Shock at Return of N.Y.C. Teacher Who Sucked Man’s Nipple in Zoom Class:
A Manhattan Spanish teacher yanked from the classroom after investigators found she sucked on a man’s nipple during a Zoom class, returned to the same school this month – stunning students who had witnessed the lewd display. “It’s weird. It’s wrong,” a junior told The Post. “It was so embarrassing for her to come back.” The city Department of Education removed teacher Amanda K. Fletcher from Columbia Secondary School for Math, Science, and Engineering amid the COVID-19 shutdown in October 2020 after investigators found she “engaged in an inappropriate sex act” while remotely instructing her class. During the lesson, “Profesora Fletcher,” as students called her, sat at a kitchen table eating spaghetti with a shirtless man standing behind her. She appeared to “suckle” on the man’s nipple while rocking back and forth, then turned to the camera, smiled and wiggled her shoulders, the Special Commissioner of Investigation for city schools reported.
Examiner – Lens:
A Ukrainian soldier hides from a helicopter airstrike amid Russia’s invasion of Ukraine, near Demydiv, Ukraine, March 10, 2022.

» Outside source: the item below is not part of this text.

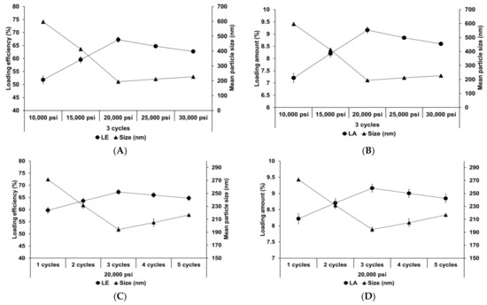 Figure 4 shows the effect of different homogenization pressures and number of homogenization cycles on SLNs. Both LE and LA increased with an increase in both the homogenization pressure and number of homogenization cycles to 20,000 psi and 3 cycles, respectively, followed by a slight decrease. The particle size showed an inverse relationship with the loading capacity. This suggests that the reduction in particle size induces an increase in the number of particles. Therefore, although the drug-loading capacity of a lipid particle decreases due to reduction of the lipid matrix, the drug-loading capacity for the entire SLN increases. Considering the effects of over processes, the induction of droplet cracking [69,70] and rapid droplet aggregation [71,72] leads to a decrease in the loading capacity. Indeed, Yang et al. reported similar results that the loading capacity of emulsions increased with an increase in the homogenization pressure and number of homogenization cycles up to 100 MPa and 4 cycles, respectively, and subsequently decreased with further increase in these parameters [71].

Afghanistan’s Finance Minister Now Drives an Uber in D.C.:
The finance minister of Afghanistan before the Taliban took over the country is now driving an Uber in Washington to support his family. Khalid Payenda oversaw a $6 billion budget in his homeland but fled as the country teetered on the verge of collapse. Now the father of four has joined the gig economy and tells The Washington Post, “I feel incredibly grateful for it. It means I don’t have to be desperate.” Payenda is also co-teaching a course at Georgetown University and occasionally speaking at think-tanks as he copes with a sense of rootlessness and failure. “Right now, I don’t have any place,” he said. “I don’t belong here, and I don’t belong there. It’s a very empty feeling.”

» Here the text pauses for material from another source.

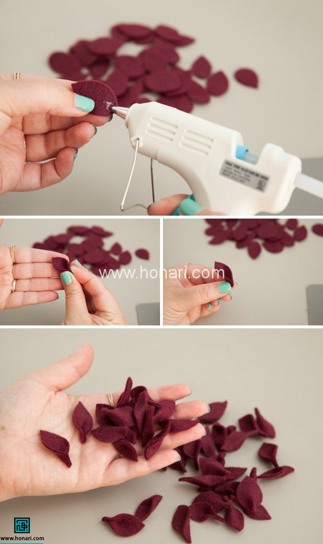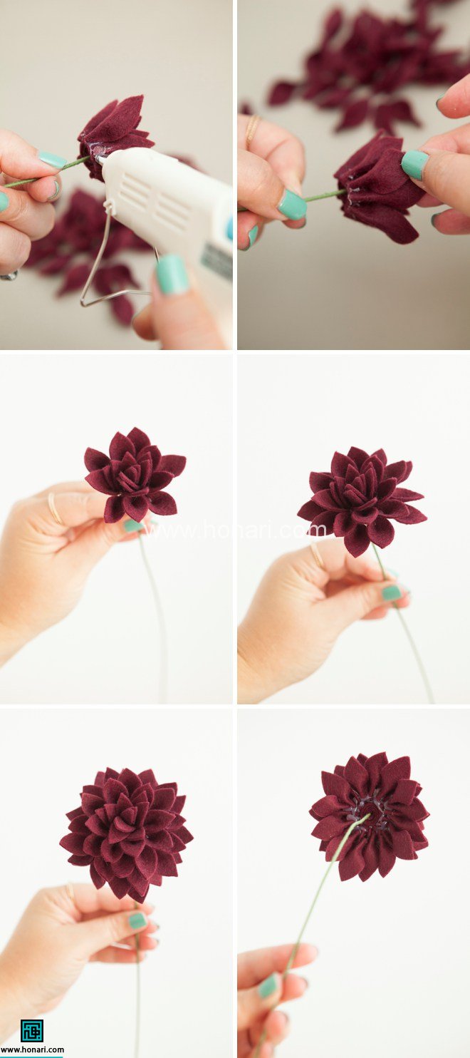 قسمت ستاره شكل پارچه نمدی زرشكی رو وارد مفتول كنید.سپس گلبرگ ها رو جمع كنید و به هم بچسبونید

Woman Allegedly Attacked by Homeless Man She Let in For a Shower:
A Utah woman’s attempted act of kindness landed her in the hospital in critical condition and a man she believed was homeless now stands accused of slitting her throat after she let him into her house to take a shower. According to the Salt Lake City Police Department, 30-year-old Eric Jones has been booked on charges of aggravated assault after being connected to the grisly scene. On February 6, police responded to calls of a woman bleeding heavily. The woman was transported to a local hospital in critical condition and received emergency surgery. She has since been upgraded to critical but stable and has requested her identity remain private. The SLCPD has requested that the media refrain from contacting her.

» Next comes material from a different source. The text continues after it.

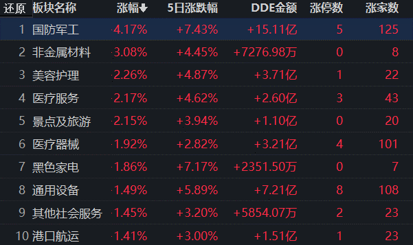 從漲幅居首的國(guó)防軍工行業(yè)看,截至7月20日11:30,行業(yè)交易中的126只個(gè)股,有125只上漲,其中,有5只個(gè)股漲停,有35只個(gè)股漲幅超5%。從資金流向看,國(guó)防軍工行業(yè)今天上午大單資金凈流入額達(dá)15.11億元,居各行業(yè)第1位。

Examiner – 20 Years – A Look At 2002
The LBN Examiner was founded on June 1, 2002, an incredible 20 years ago. Let’s take a look back at what was going on in 2002:
** On March 24, at the 74th Academy Awards hosted by Whoopi Goldberg, ”A Beautiful Mind” won Best Picture.
** On March 2, U.S. Operation Anaconda began before dawn in Afghanistan.
Examiner – Lens:
Sleight-of-hand artist Ricky Jay photographed by Richard Avedon in New York City, March 4, 1993.
Examiner – Commentary by Nellie Bowles
** Hunter Biden’s laptop was never disinformation: It’s true. And the mainstream media is finally saying so. But let’s back up for a minute. As the 2020 presidential election heated up, The New York Post broke a wild story: A laptop belonging to Hunter Biden had surfaced at a computer repair shop in Wilmington, Delaware. It had a lot on it. Among photos of him using drugs and cavorting with prostitutes, there was potentially incriminating information about shady payments and gifts from foreign interests. Of particular interest was Biden’s involvement on the board of Ukrainian energy company Burisma Holdings, for which he was compensated handsomely while his father was vice president. It was a bombshell – the kind of scoop that could produce months of headlines. And what’s more, Hunter Biden never denied the laptop was his own.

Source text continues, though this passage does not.